Early symptoms in children
- Fever that usually appears first, often 101°F–103°F (CDC (U.S. public health agency))
- Sore throat and reduced appetite (Duke Health (academic medical center))
- Malaise and fussiness (HealthyChildren.org (American Academy of Pediatrics))
The rash typically shows up 1–2 days after the fever starts, on the hands, feet, and inside the mouth (CDC). In some children, the rash also appears on the buttocks or thighs (Duke Health).
Early symptoms in adults
- Adults may experience more severe sore throat and fever (Lehigh Valley Health Network (regional health system))
- Some adults have only a mild rash or none at all (Duke Health)

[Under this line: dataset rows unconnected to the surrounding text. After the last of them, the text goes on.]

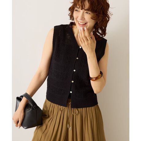 おしゃれなレースの編み地が夏のシーズンムードを盛り上げるニットベスト。レイヤードの透け感を楽しめるトレンドを押さえた1着です。シルエットはコンパクトながらも、アームホールを広めにデザイン。夏はチューブトップやキャミソールを合わせた涼やかなスタイルに、TシャツやロングTシャツとも相性良くロングシーズン着用いただけます。前後2WAY仕様で着回し力も抜群。透け感[あり]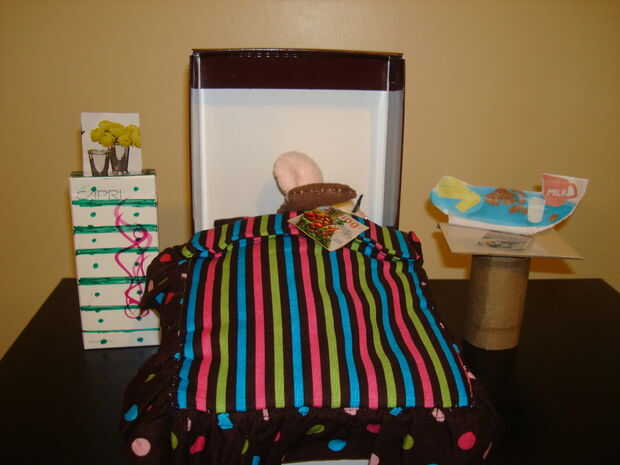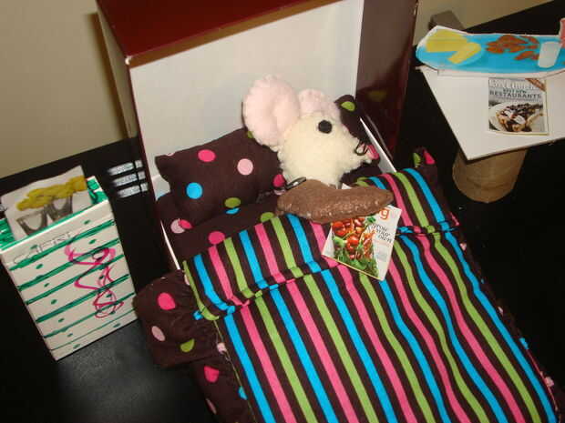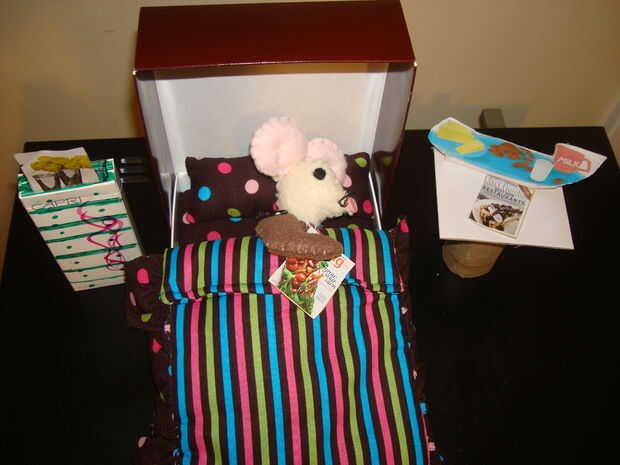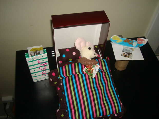 Esta guía es como hacer una miniatura cama y dormitorio utilizando un cartón cartón de la caja y la tapa, rollo de papel higiénico, paquete de cigarrillos, rotulador, espuma, retazos de tela, bateo, magazine cut outs y cinta. Los niños tendrán horas de diversión con esta cama de Linda muñeca. He incluido el patrón de ratón, pero esta guía no es acerca de cómo hacer que el ratón. Creo que las instrucciones del patrón están muy bien escritas.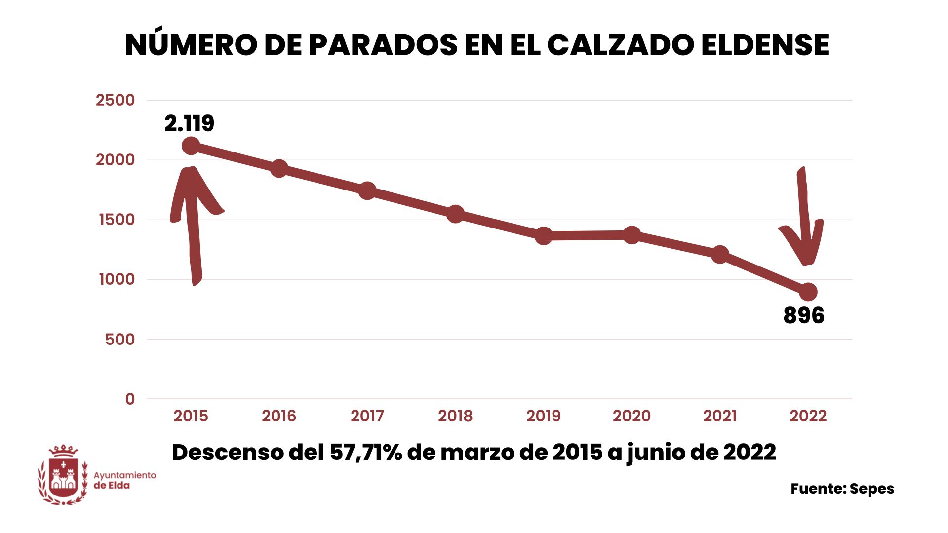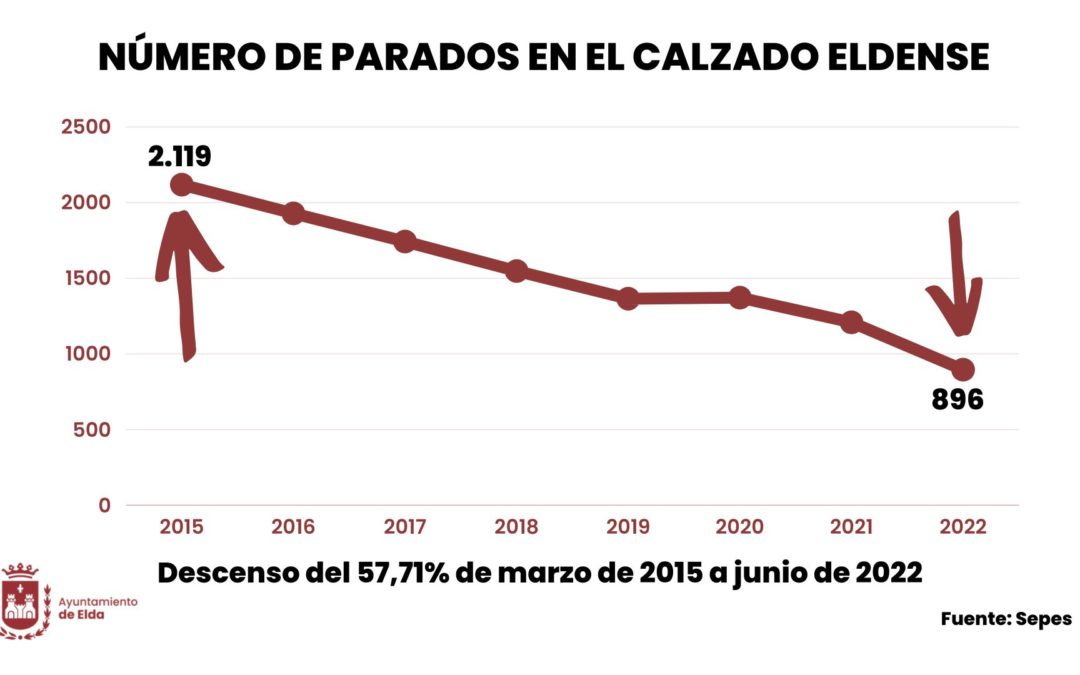 El número de desempleados en la industria del calzado eldense sigue bajando con fuerza y se consolida en los niveles más bajos de los últimos siete años, un periodo de tiempo en el que la cifra total se ha reducido más de la mitad.
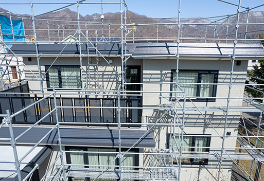 戸建て住宅やマンションなどの、すでに建っている物件を改修する際に必要な足場を組みます。新築足場とは異なり、建物・施主様・近隣の方といった、さまざまな配慮が必要不可欠です。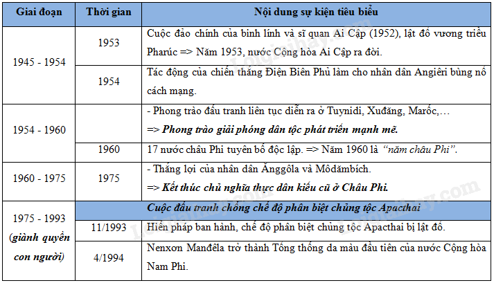 – Tình hình các nước châu Phi sau Chiến tranh thế giới thứ hai (hay là hoàn cảnh lịch sử của phong trào đấu tranh giải phóng dân tộc ở châu Phi).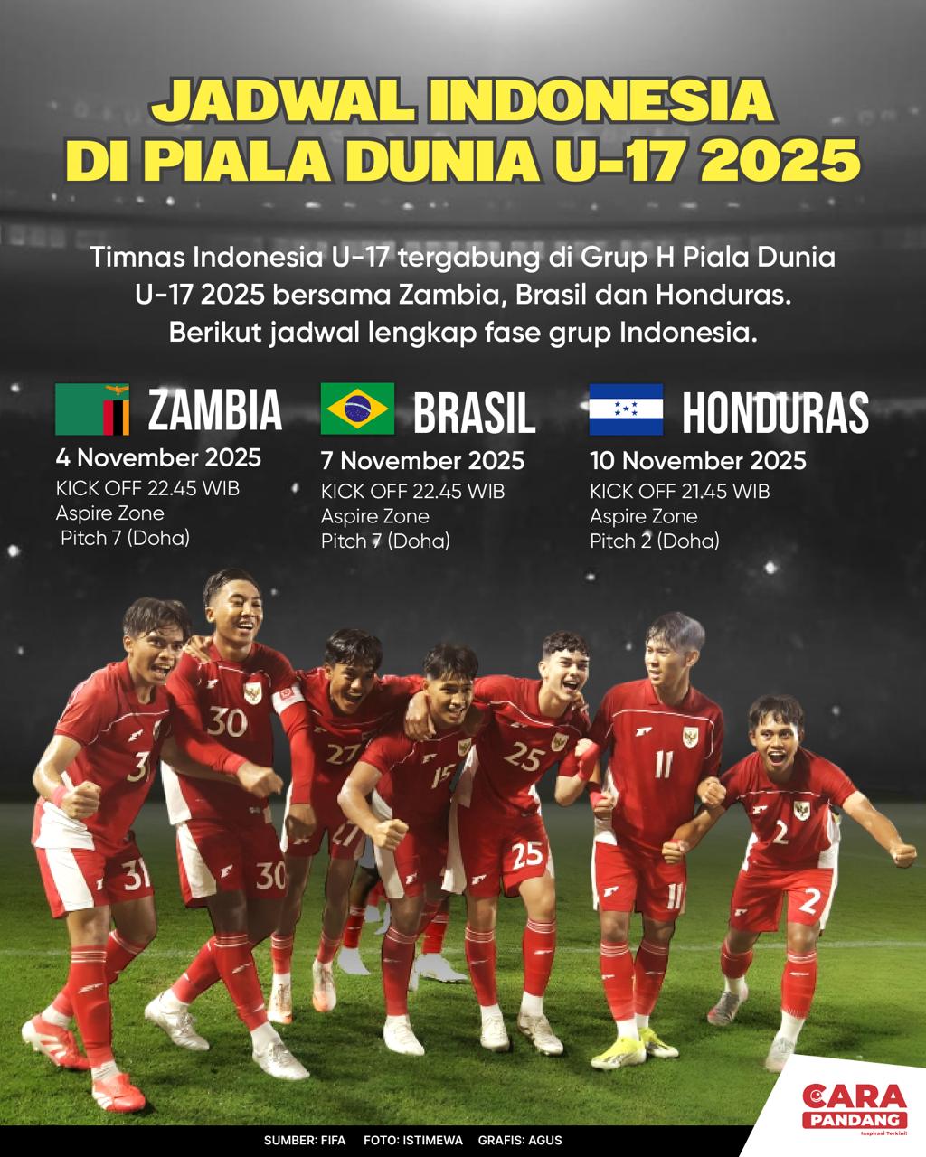 Beranda Infografis Jadwal Indonesia di Piala Dunia U17 2025 Infografis Jadwal Indonesia di Piala Dunia U17 2025 Penulis Amira Izzati - 29 Oktober 2025 13:24 0 Jadwal Indonesia di Piala Dunia U17 2025 Tags Berita Sebelumnya Payakumbuh Capai Indeks Elektronifikasi Transaksi 96,3 Persen, Lampaui Rata-Rata Nasional Berita Berikutnya Indonesia Dalam Dilema Misi Perdamaian Dunia LEAVE A REPLY Cancel reply Comment: Please enter your comment! Name:* Please enter your name here Email:* You have entered an incorrect email address! Please enter your email address here Website: Save my name, email, and website in this browser for the next time I comment. Berita Teratas Kisah Ajaib Nabi Sulaiman dan Anak yang Berbakti kepada Orang Tua 8 Cara Merawat Kucing Kesayangan Agar Tubuhnya Selalu Sehat Minuman yang Mampu Redakan Batuk yang Menganggu Manfaat Ajaib Bawang Putih Bagi Kesehatan 8 Cara Menjaga Kesehatan Gigi dan Mulut yang Efektif Berita Terkait Berita Terkait Wajah Baru PP Tunas: Garda Terdepan Perlindungan Anak Indonesia Zoel Rachman - 31 Maret 2026 09:42 MBG 5 Hari Sepekan Masih Wacana Maliq - 30 Maret 2026 11:49 Presiden Ingin Semua Kendaraan Dikonversi ke Listrik Maliq - 30 Maret 2026 11:48 Kewaijiban PSE Terhadap Pengguna Anak Maliq - 30 Maret 2026 11:15

- Asymptomatic infections are possible (HealthyChildren.org)
When to see a doctor
- High fever above 103°F (39.4°C) lasting more than 3 days (Mayo Clinic (nonprofit medical center))
- Signs of dehydration: dry mouth, no tears, decreased urination (CDC)
- Neurologic symptoms like confusion or stiff neck (CDC)
Because HFMD has no antiviral treatment, catching it early means you can start supportive care and isolation sooner — cutting down the window of exposure for others (CDC).
Bottom line: First signs are fever and sore throat, followed 1–2 days later by a telltale rash on hands, feet, and mouth. For parents of toddlers, this timeline is your earliest cue to isolate and prepare for home care.
Do Adults Get Hand, Foot, and Mouth Disease?
Why adults can get HFMD
- The same enteroviruses (coxsackievirus, enterovirus 71) infect adults (CDC)
- Adults who are caregivers of infected children are at higher risk (Lehigh Valley Health Network)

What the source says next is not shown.